Ich sitze an unserer Verlagschronik, schaue immer wieder in die knapp 40 Korrespondenz­ordner, wo auch all die Konflikte abgebildet sind: die zwischen Verlag und Autoren, zwischen Verlag und Vertrieb. Die Vertriebe gingen bei uns reihenweise pleite, die Konflikte zwischen Verlag und den Vertretern. Und ich lese da, wie wir all die Konflikte nie professionell zu lösen versuchten, sondern immer persönlich. Wir trafen uns in unseren kleinen Räumen, mit selbstgemachtem Kartoffelsalat, alle rauchten und alle soffen, was das Zeug hielt – das war schön und war natürlich auch die Hölle. Aber: Wir konnten unsere „emotionalen Wallungen“ nicht ausschalten. Und die trage ich jetzt in meine neuen Projekte.

Es geht also weiter?

Ich werde jetzt ja 70 und bin wahnsinnig froh, dass ich nun wirklich etwas anderes machen kann. Ich finde es für Lutz schade, dass er es nicht konnte. Andererseits: Er kam so von unten. Er hatte in Deutsch eine Fünf, er war Legastheniker, er ging in Hamburg-Bergedorf in eine provinzielle Volksschule, wo die Lehrer noch mit Schlüsseln warfen und wo er nur der schlechte Schüler war.

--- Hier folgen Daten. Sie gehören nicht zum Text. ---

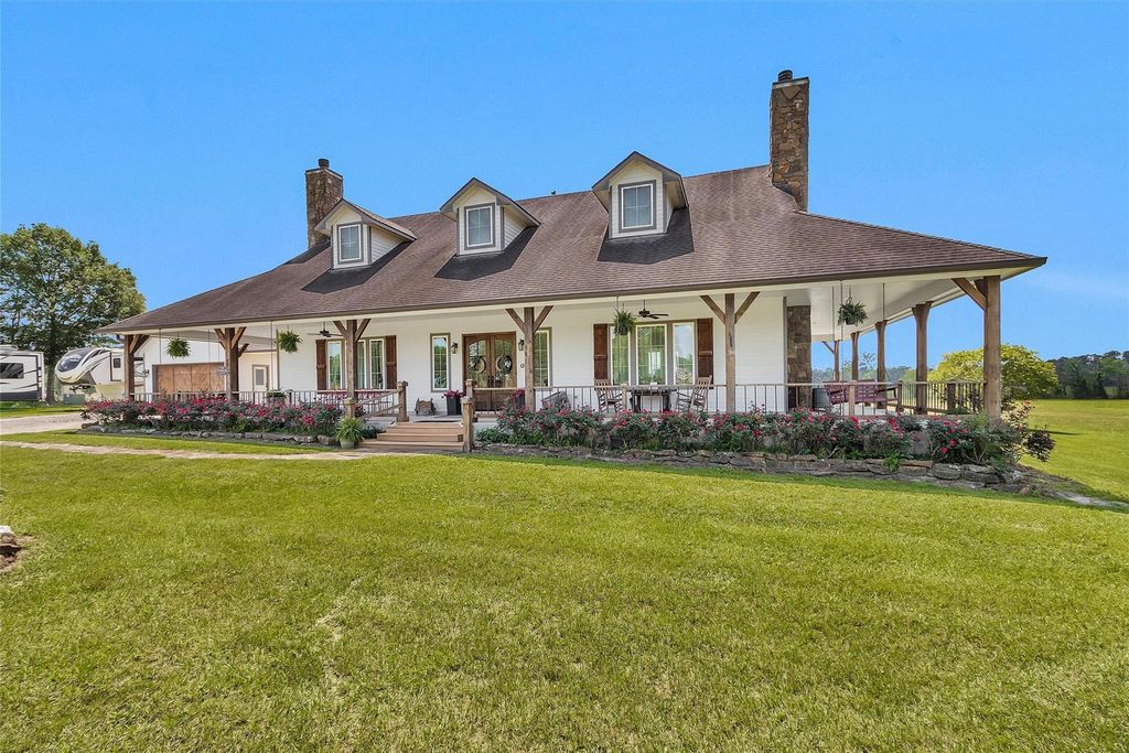 Beautiful custom 3-bedroom 2.5 bath home with 2 car garage, a 60x40 shop on a slab with two roll up doors and a 24ft overhang sitting on 102+/- acres on Highway 105 East in Conroe, TX. Greeted by an electric gate and a winding driveway leading to the house, a wraparound concrete porch to enjoy views of the property. Entering the house, the living area is open with large beams showcasing the high ceilings and a large stone fireplace. Light and bright kitchen with granite countertops, large island, double ovens, gas cooktop and a walk-in pantry. The master bedroom has a gas log fireplace, two walk-in closets, one with built-in vanity. A claw foot tub and walk-in shower, double sinks finish out the master bath. Large 30x10 laundry room connected to master bath. Upstairs are two large bedrooms, game room and a full bath with walk-in shower. Outside the land is bordered on a couple sides by Caney Creek, property has been used to deer hunt, cut hay, run cows, lots of options!!

Und dann hat er so viel gelernt, wurde erst der rebellische, aber dann der anerkannte Verleger, den die Kollegen ehrfürchtig fragten: 'Herr Schulenburg, Ihre verlegerischen Erfolge, wie haben Sie die hinbekommen?’ Diese Rolle hat er sehr genossen.

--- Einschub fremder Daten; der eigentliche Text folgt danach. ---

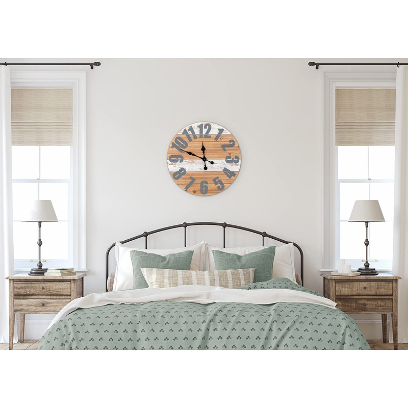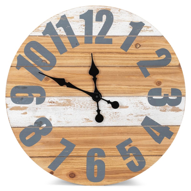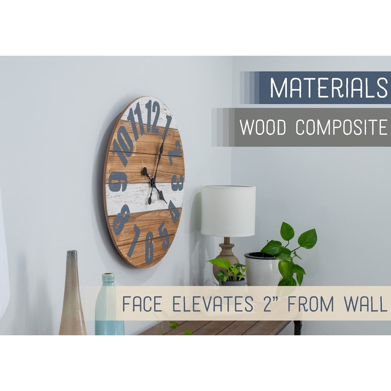 NAT & Jules Striped Woodgrain and White 24 inch Wood Composite Large Wall Clock
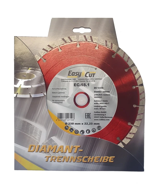 Prekės ženklas- Cedima. Artikulas- EC-18.1. Skersmuo- 230 mm. Vidinės skylės skersmuo- 22.23 mm. Storis- 2.4 mm. Deimantinio disko tipas- Segmentinis. Apdirbama medžiaga- Akmuo. Betonas. Klinkeris. Tinka pjovimui- Sausam. Šlapiam. Vienetai pakuotėje- 1. Maksimalus sūkių dažnis per minutę- 6650 rpm. Pjovimo greitis- 80 m/s. Garantija- 24 mėn. Tinka įrankiams- Kampiniams šlifuokliams.

Man muss ein gutes Fundament haben, um einen neuen Weg einzuschlagen?

Mir fällt es wirklich leicht, abzugeben, aber mir ist auch bewusst, dass ich aus einer anderen Situation komme: Meine Eltern waren zwar keine Akademiker, aber sie gehörten zu denen, die nach dem Krieg in den Mittelstand aufgestiegen waren. Lutz’ Eltern waren unten geblieben: Seine Mutter stand an der Heißmangel, sein Vater saß als Verkäufer mit Genehmigung seines Jagdkollegen in einem Kaufhaus in der Jagdabteilung.

Wie geht es Ihnen heute als Schriftstellerin?

Ich habe schon früher literarisch geschrieben, auch veröffentlicht, kleine Texte, Schnipsel, das war eine Art Selbstrettung. Und jetzt habe ich das Gefühl: Ich möchte auf meine Art ausdrücken, was mir wichtig ist. Mein Roman „Blue“ ist autobiografisch, aber ich will darin nicht nur diese eine Liebesgeschichte erzählen, sondern meine kumulierten Erfahrungen mit der Liebe zum Ausdruck bringen. Franz Jung, dieser Schriftsteller, der unseren Verlag so tief geprägt hat, hat mal gesagt: Die Aufgabe von Literatur ist es, die Seelen zu kneten – was mir sehr gefällt. Und das habe ich in dieser Liebesgeschichte versucht, und in der Erzählung über den Verlag mache ich das in einem größeren Format.

Sie wirken sehr zufrieden.

Ich muss nicht auf den Markt, ich muss nicht ins „Spektakel“. Ich mache jetzt im Herbst ein paar Lesungen und freue mich natürlich, wenn ein paar Leute kommen. Und dann mache ich wieder was anderes.